Data segment →
▬▬▬▬▬▬

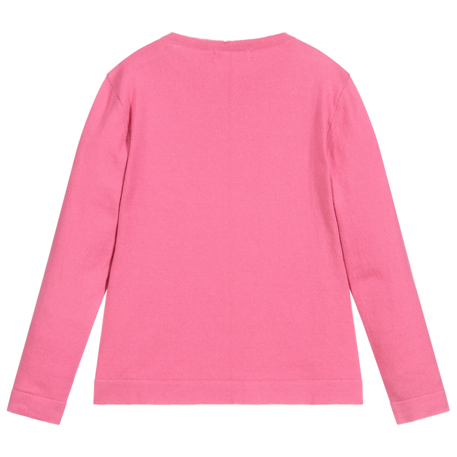 Younger girls pink cotton knit sweater by Alviero Martini. It has the 1a Classe in sparkly gold studs on the front.
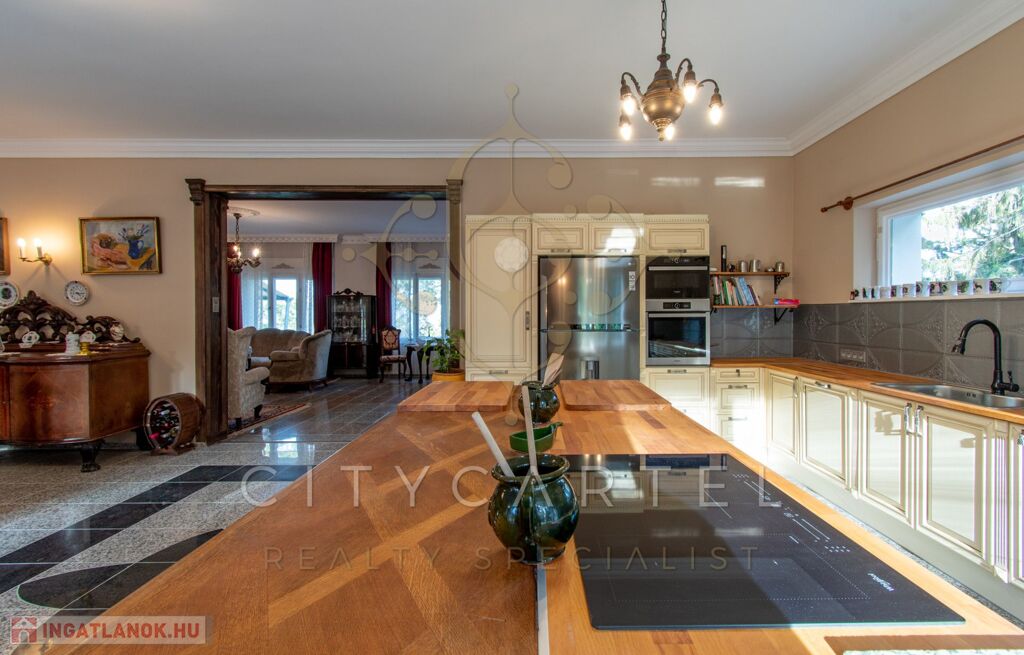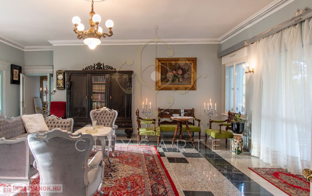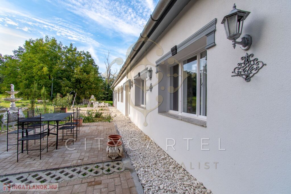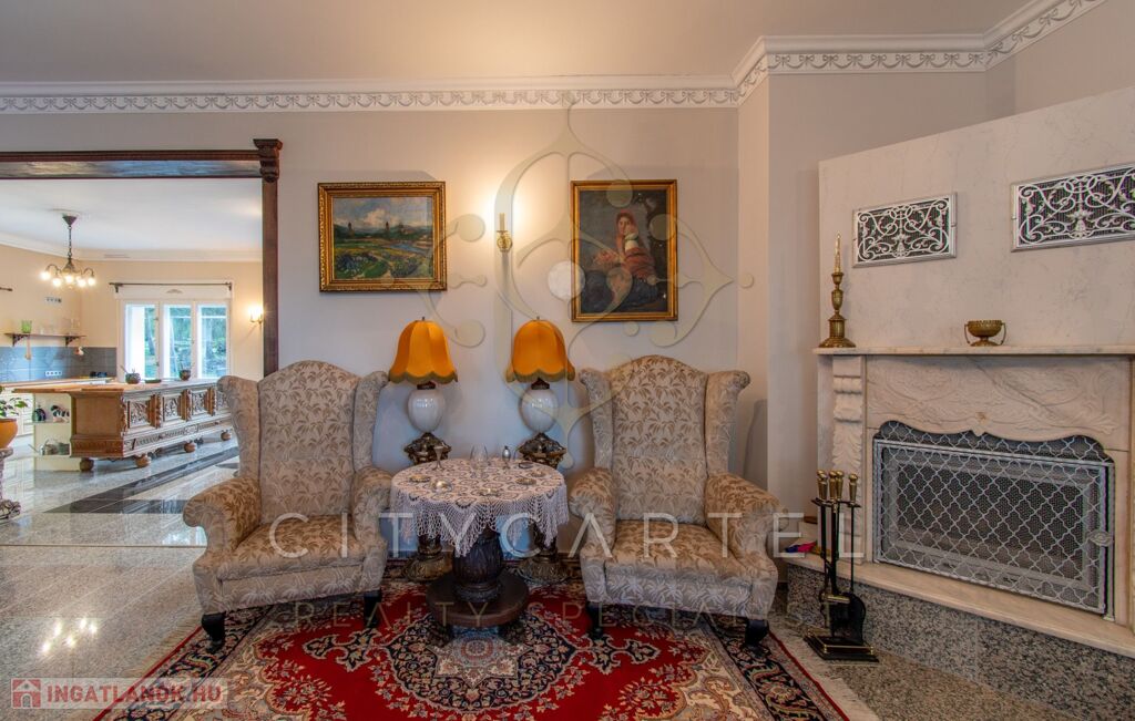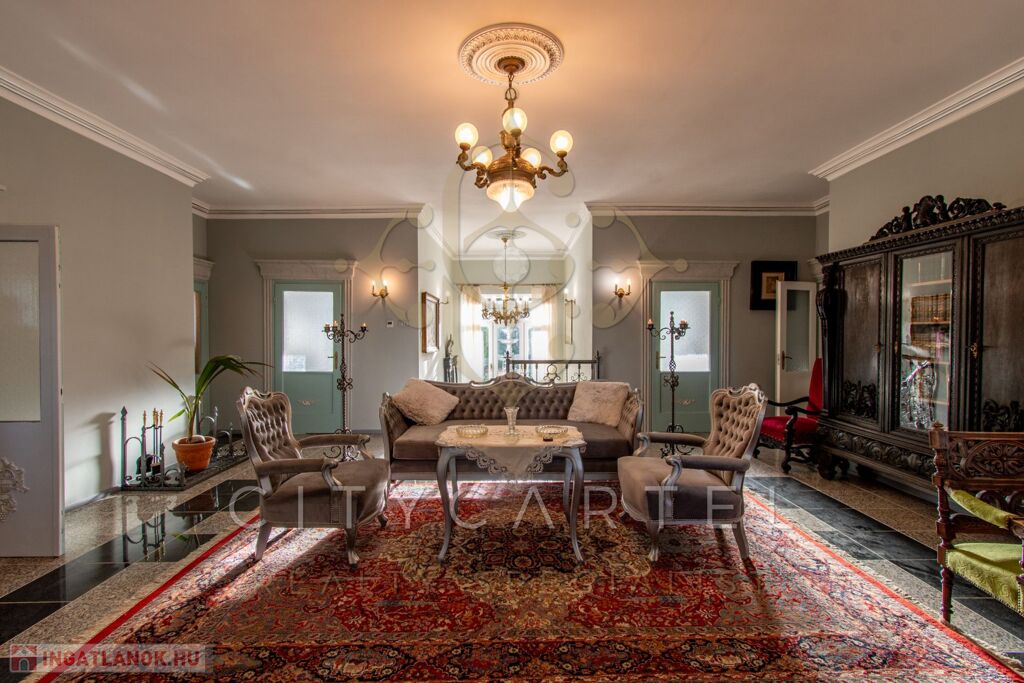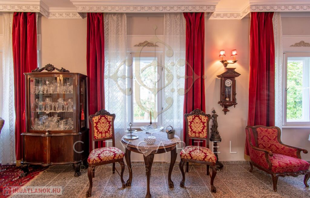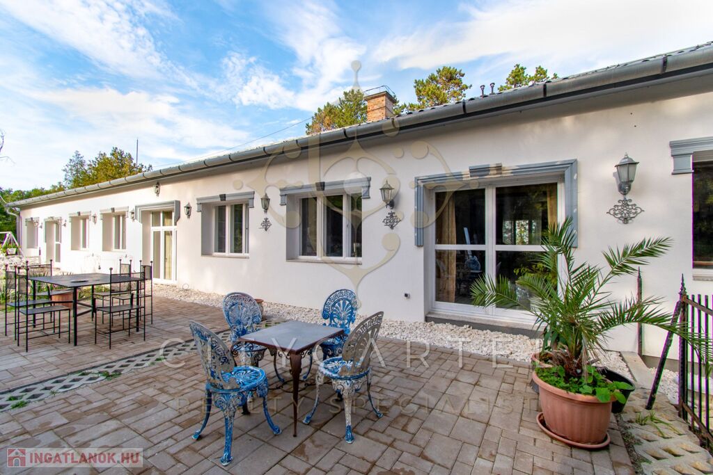 - felújított főépület 500 nm (Lakószint: konyha, ebédlő-társalgó, nappali-hall, kamra, office, lépcsőház, folyosó, powderroom, hálószoba, fürdőszoba káddal és zuhannyal, open concept lakosztály hálóval, fürdővel káddal és zuhannyal valamint bidés WC-vel és garderobe-bal, 2 terasz, Alagsor: garázs, csizmaszoba, folyosó, mosókonyha, mosdó – zuhany – bidés WC, appartament konyhával, hálófülkével, fürdőszoba káddal és WC-vel, amennyiben igény van rá, teljesen bútorozva)
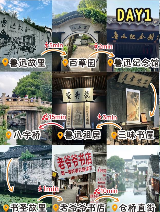 Day1️⃣:游览鲁迅故里➡️百草园➡️鲁迅纪念馆➡️三味书屋➡️鲁迅祖居➡️八字桥➡️书圣故里➡️仓桥直街
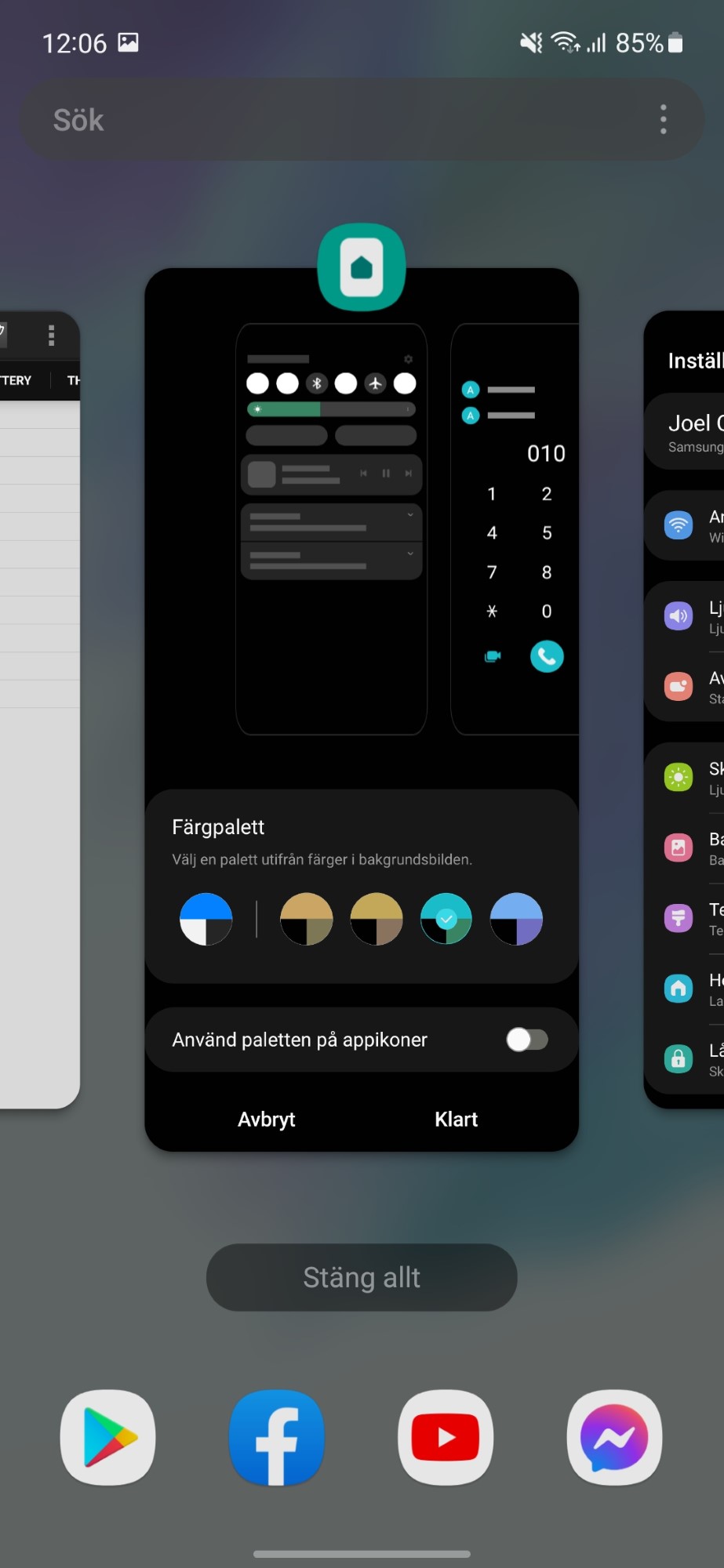 Samsung OneUI 4 fortsätter i tidigare versioners fotspår. Det inkluderar starka likheter med OneUI 3. Det står i starkt kontrast mot Android 12, som har stora designförändringar. Det betyder inte att Samsung inte har implementerat nyheterna i Android 12. Det finns till exempel ett nytt system för att matcha systemfärgerna med bakgrundsbilden. Samsung har ett eget användargränssnitt för funktionen men principerna är desamma. Telefonen analyserar bakgrundsbilden och ger oss flera alternativ att välja mellan för att ställa in färgen på snabbgenvägar, systeminställningar och standardappar.

▬▬▬▬▬▬

Activity →
Exactly as written, return every line of the listing, but not the pictures.

Problem solution →
 Younger girls pink cotton knit sweater by Alviero Martini. It has the 1a Classe in sparkly gold studs on the front.
 - felújított főépület 500 nm (Lakószint: konyha, ebédlő-társalgó, nappali-hall, kamra, office, lépcsőház, folyosó, powderroom, hálószoba, fürdőszoba káddal és zuhannyal, open concept lakosztály hálóval, fürdővel káddal és zuhannyal valamint bidés WC-vel és garderobe-bal, 2 terasz, Alagsor: garázs, csizmaszoba, folyosó, mosókonyha, mosdó – zuhany – bidés WC, appartament konyhával, hálófülkével, fürdőszoba káddal és WC-vel, amennyiben igény van rá, teljesen bútorozva)
 Day1️⃣:游览鲁迅故里➡️百草园➡️鲁迅纪念馆➡️三味书屋➡️鲁迅祖居➡️八字桥➡️书圣故里➡️仓桥直街
 Samsung OneUI 4 fortsätter i tidigare versioners fotspår. Det inkluderar starka likheter med OneUI 3. Det står i starkt kontrast mot Android 12, som har stora designförändringar. Det betyder inte att Samsung inte har implementerat nyheterna i Android 12. Det finns till exempel ett nytt system för att matcha systemfärgerna med bakgrundsbilden. Samsung har ett eget användargränssnitt för funktionen men principerna är desamma. Telefonen analyserar bakgrundsbilden och ger oss flera alternativ att välja mellan för att ställa in färgen på snabbgenvägar, systeminställningar och standardappar.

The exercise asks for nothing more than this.